Top of Data in this exercise
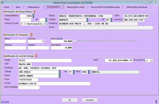1- Campos para informações da transportadora que fará o transporte;
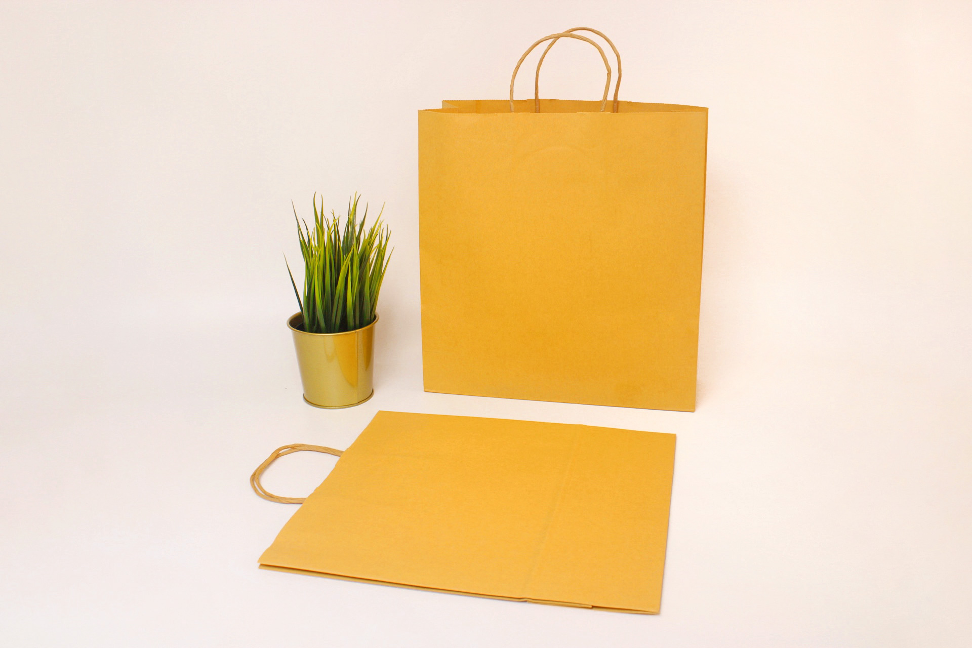 Handle paper bags, also known as Kraft paper shopping bags with twisted paper rope
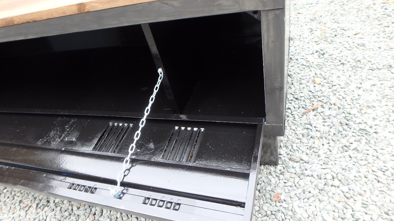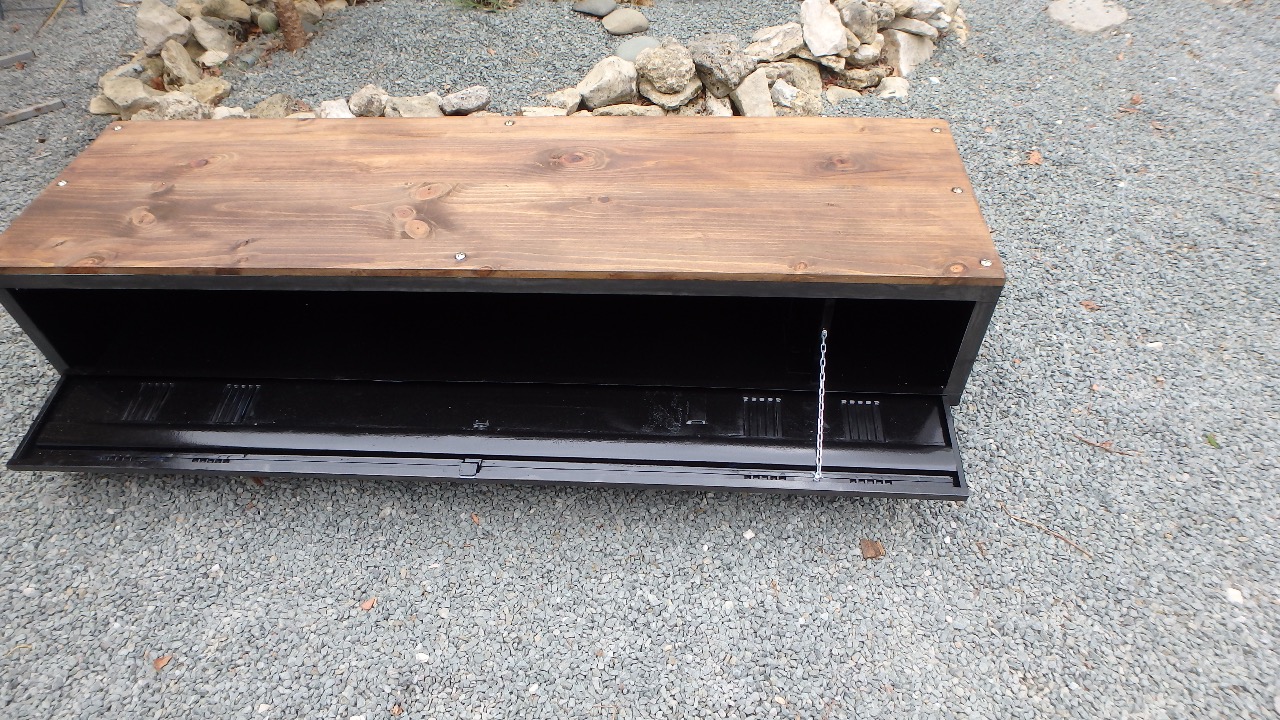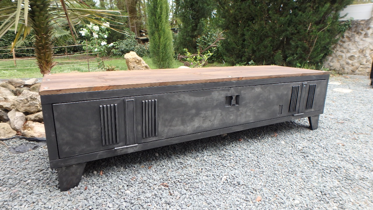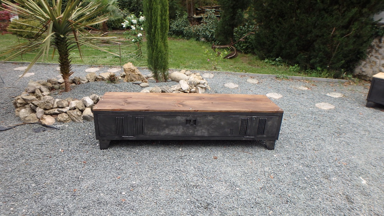 vestiaire métallique détourné en meuble télévision. Après un décapage et ponçage manuel le meuble a subit une coloration à la cire graphite et poncé pour lui redonner un aspect d'antan vieilli industriel .
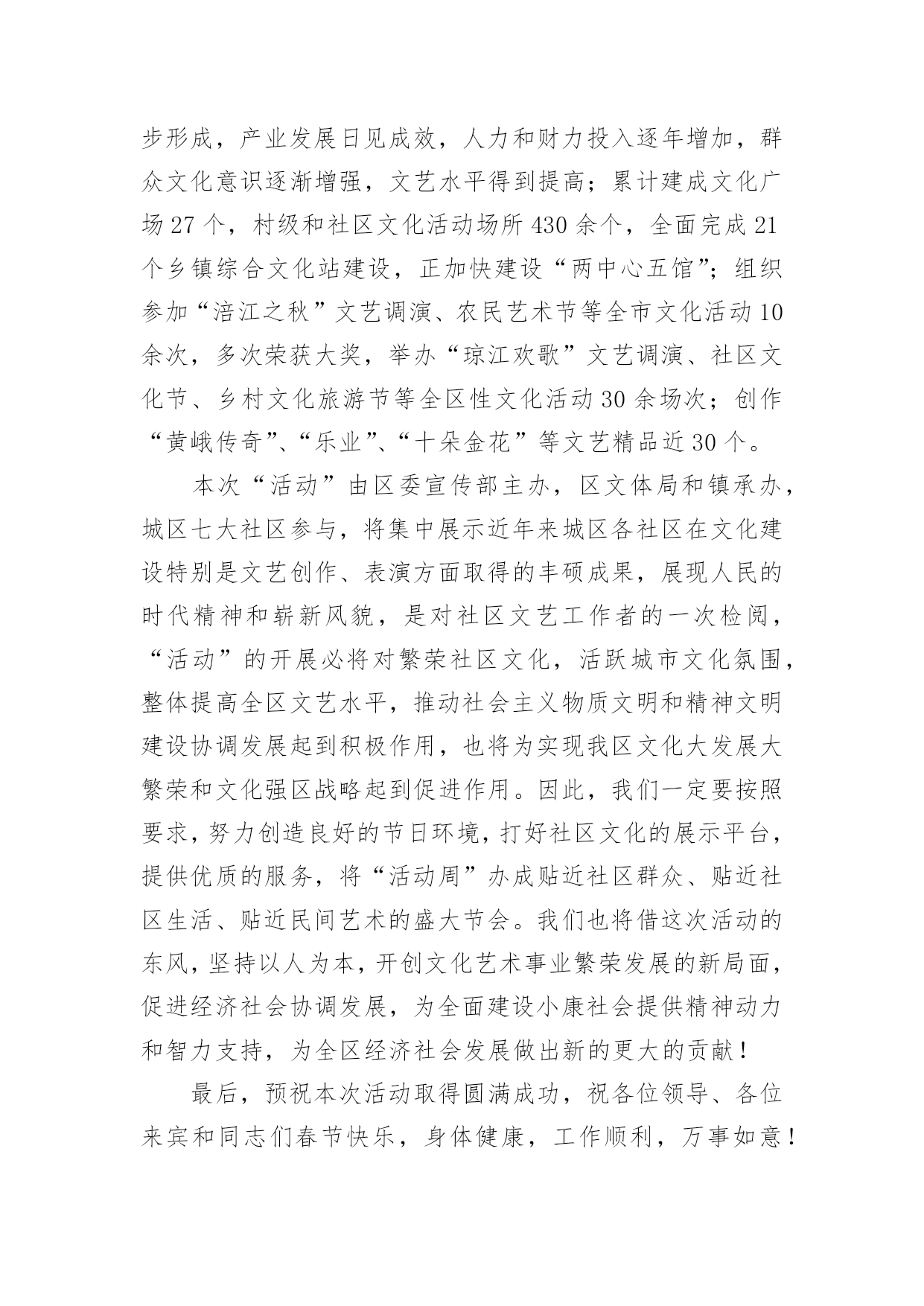 启动仪式领导讲话稿在学习、工作生活中,我们都跟讲话稿有着直接或间接的联系,讲话稿具有临场有据、增强语言魅力的作用。怎样写讲话稿才能更好地发挥其做用呢?以下是小编收集整理的启动仪式领导讲话稿,希望能够帮助到大家。启动仪式领导讲话稿1尊敬的各位领导,各位来宾,亲爱的社区朋友们:下午好!值此辞旧迎新之际,在区委、区政府关心、支持下,从1月11日开始,我们将在城区开展为期7天的“社区文化活动周”活动,为丰富广大群众文化生活,营造一个欢乐、祥和、喜庆的节日氛围。今天,我们在这里集会,举行“活动”启动仪式,在此,我谨
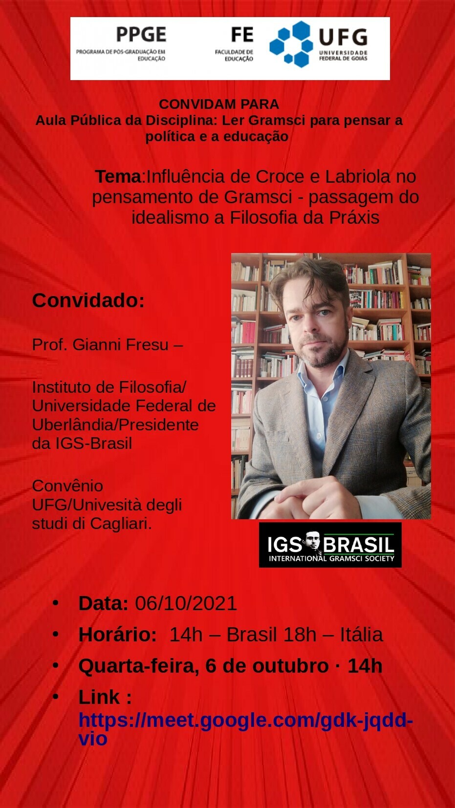 Aula Pública da Disciplina: Ler Gramsci para pensar a política e a educação Evento Local: Google Meet Fecha del Evento : 06 Octubre 2021 a las 16:09 TweetWhatsApp Todas las páginas Volver
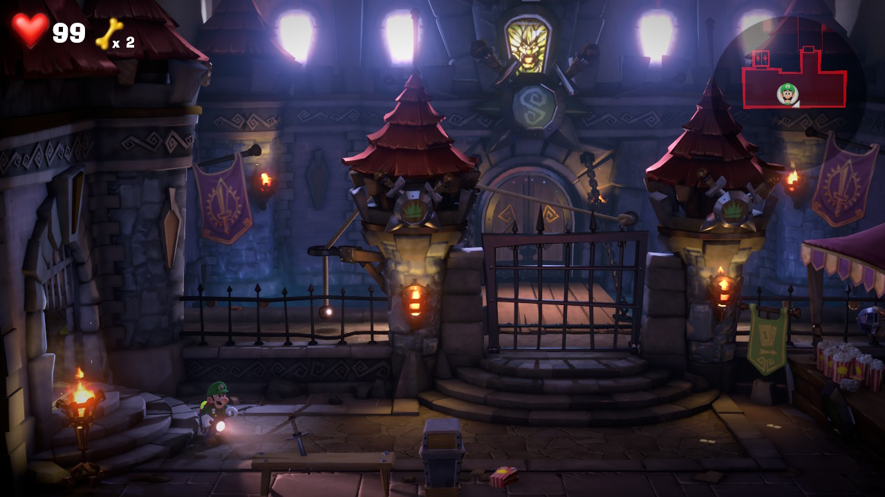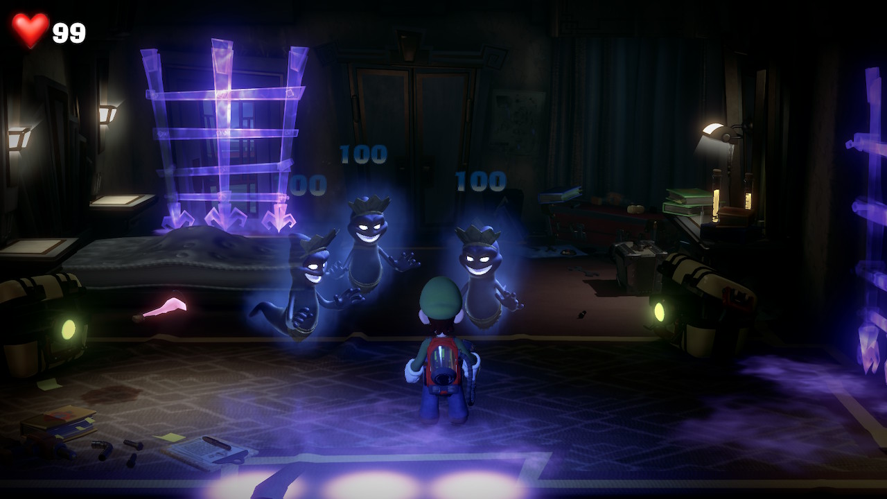 Dans le hall d’entrée, Luigi rencontre les premiers fantômes. Comme dans les épisodes précédents, ces derniers sont à flasher pour les rendre aspirables. Il faut ensuite activer l’aspirateur, les balancer de droite à gauche pour les étourdir avant de les aspirer complètement. Très pratique, l’Ectoblast GL-U ne se remplit pas vraiment, et ne dispose pas de capacité limitée
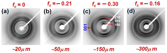 For patterns of thicker films (from 50 μm up to 300 μm, Figure 1b–d), all hk0 reflections are present as arcs centered on the meridian. This clearly indicates, as already described for films of thickness of 50–90 μm [21,40,50], the occurrence of c⊥ orientation. Rather surprisingly, the thinner film (20 μm, Figure 1a) only exhibits diffraction rings, which clearly indicate absence of crystalline phase orientation.
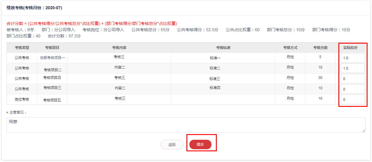 3.填写实际扣分数,并填入主管意见,点击提交。
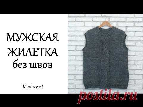 Мужской жилет без швов с араном. Вязание спицами. Male waistcoat without seams with aran. Knitting
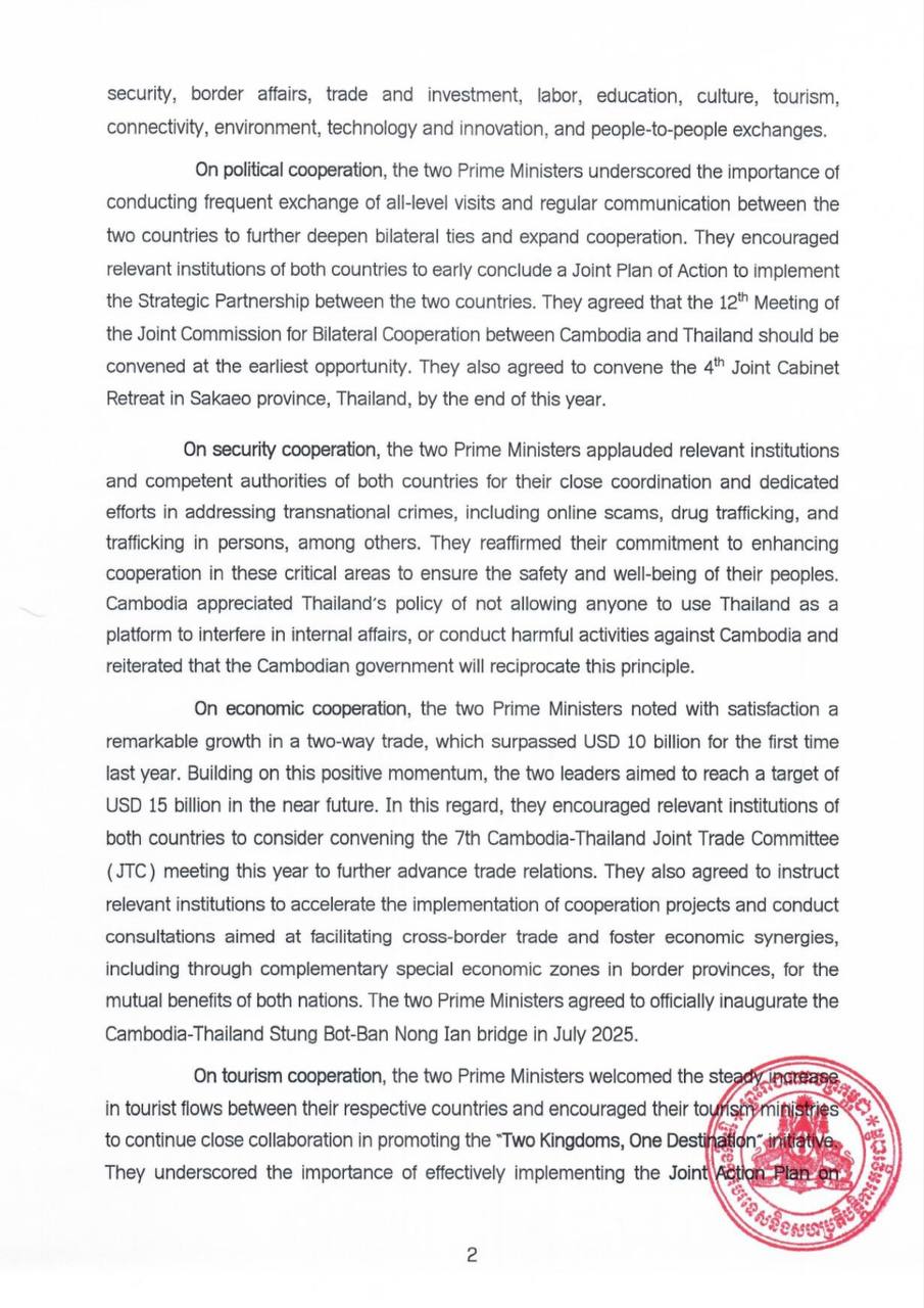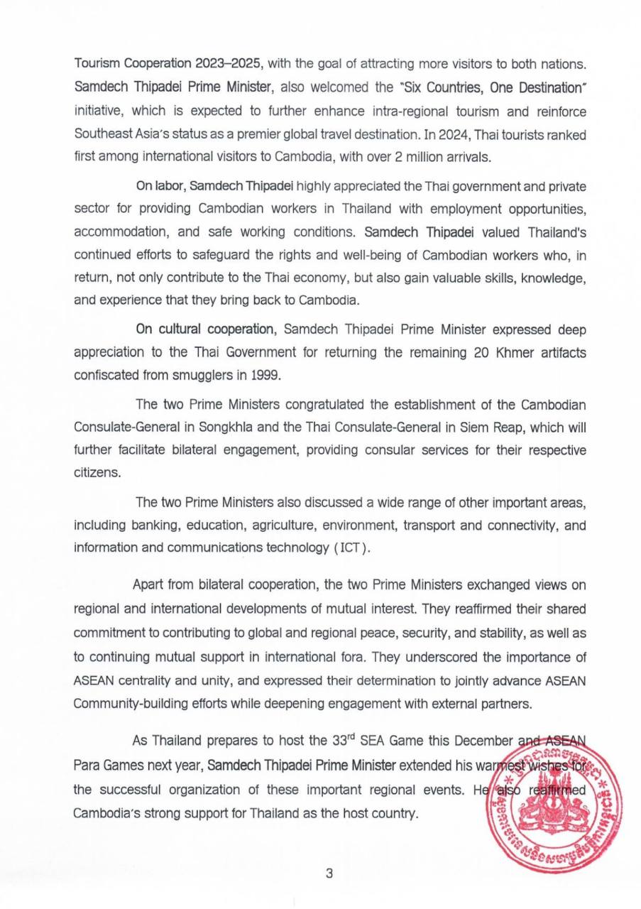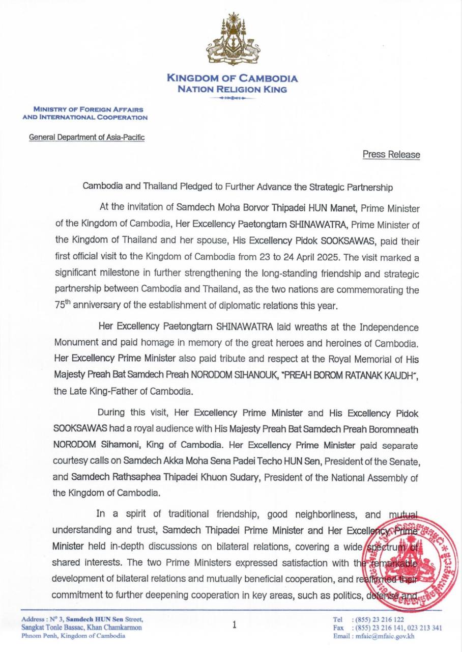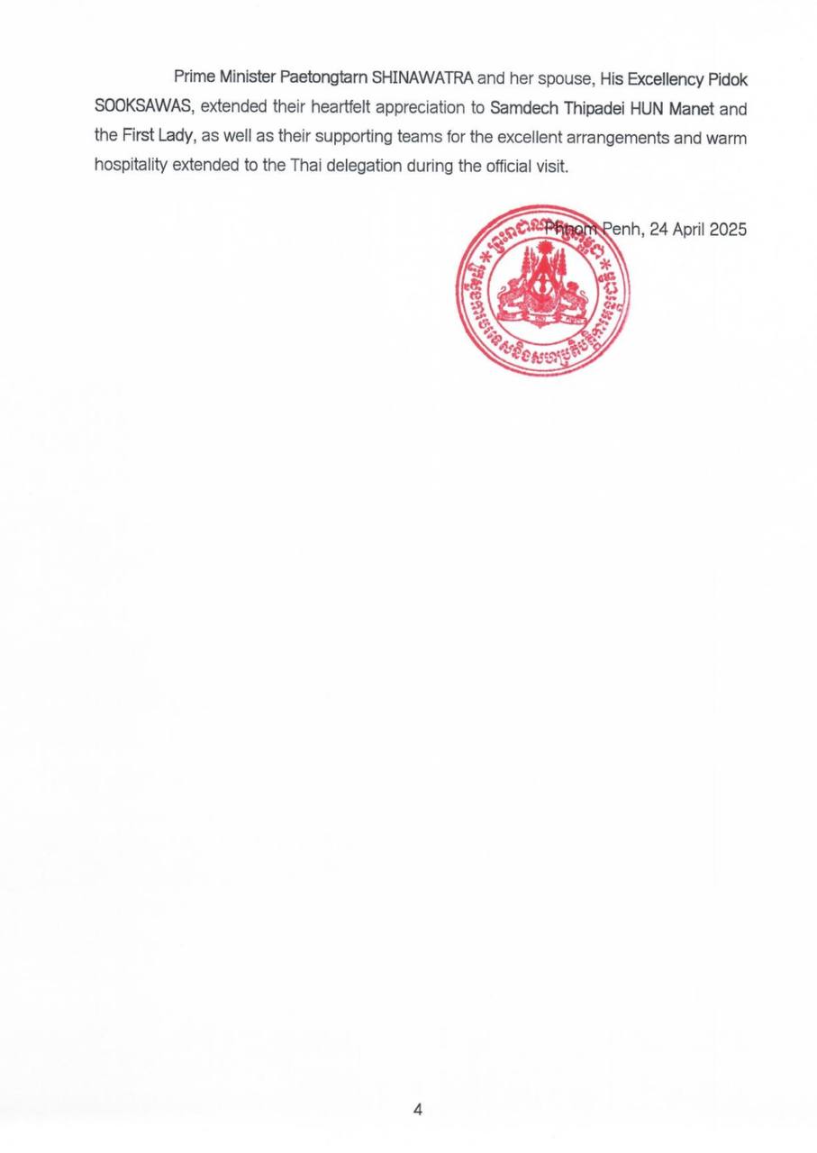Press Release on the Outcome of the Working Visit of Samdech Thipadei Prime Mini...
Bottom of Data in this exercise
The reply must match the records exactly, apart from the pictures, which are left out.

- [Exercise output]
1- Campos para informações da transportadora que fará o transporte;
 Handle paper bags, also known as Kraft paper shopping bags with twisted paper rope
 vestiaire métallique détourné en meuble télévision. Après un décapage et ponçage manuel le meuble a subit une coloration à la cire graphite et poncé pour lui redonner un aspect d'antan vieilli industriel .
 启动仪式领导讲话稿在学习、工作生活中,我们都跟讲话稿有着直接或间接的联系,讲话稿具有临场有据、增强语言魅力的作用。怎样写讲话稿才能更好地发挥其做用呢?以下是小编收集整理的启动仪式领导讲话稿,希望能够帮助到大家。启动仪式领导讲话稿1尊敬的各位领导,各位来宾,亲爱的社区朋友们:下午好!值此辞旧迎新之际,在区委、区政府关心、支持下,从1月11日开始,我们将在城区开展为期7天的“社区文化活动周”活动,为丰富广大群众文化生活,营造一个欢乐、祥和、喜庆的节日氛围。今天,我们在这里集会,举行“活动”启动仪式,在此,我谨
 Aula Pública da Disciplina: Ler Gramsci para pensar a política e a educação Evento Local: Google Meet Fecha del Evento : 06 Octubre 2021 a las 16:09 TweetWhatsApp Todas las páginas Volver
 Dans le hall d’entrée, Luigi rencontre les premiers fantômes. Comme dans les épisodes précédents, ces derniers sont à flasher pour les rendre aspirables. Il faut ensuite activer l’aspirateur, les balancer de droite à gauche pour les étourdir avant de les aspirer complètement. Très pratique, l’Ectoblast GL-U ne se remplit pas vraiment, et ne dispose pas de capacité limitée
 For patterns of thicker films (from 50 μm up to 300 μm, Figure 1b–d), all hk0 reflections are present as arcs centered on the meridian. This clearly indicates, as already described for films of thickness of 50–90 μm [21,40,50], the occurrence of c⊥ orientation. Rather surprisingly, the thinner film (20 μm, Figure 1a) only exhibits diffraction rings, which clearly indicate absence of crystalline phase orientation.
 3.填写实际扣分数,并填入主管意见,点击提交。
 Мужской жилет без швов с араном. Вязание спицами. Male waistcoat without seams with aran. Knitting
Press Release on the Outcome of the Working Visit of Samdech Thipadei Prime Mini...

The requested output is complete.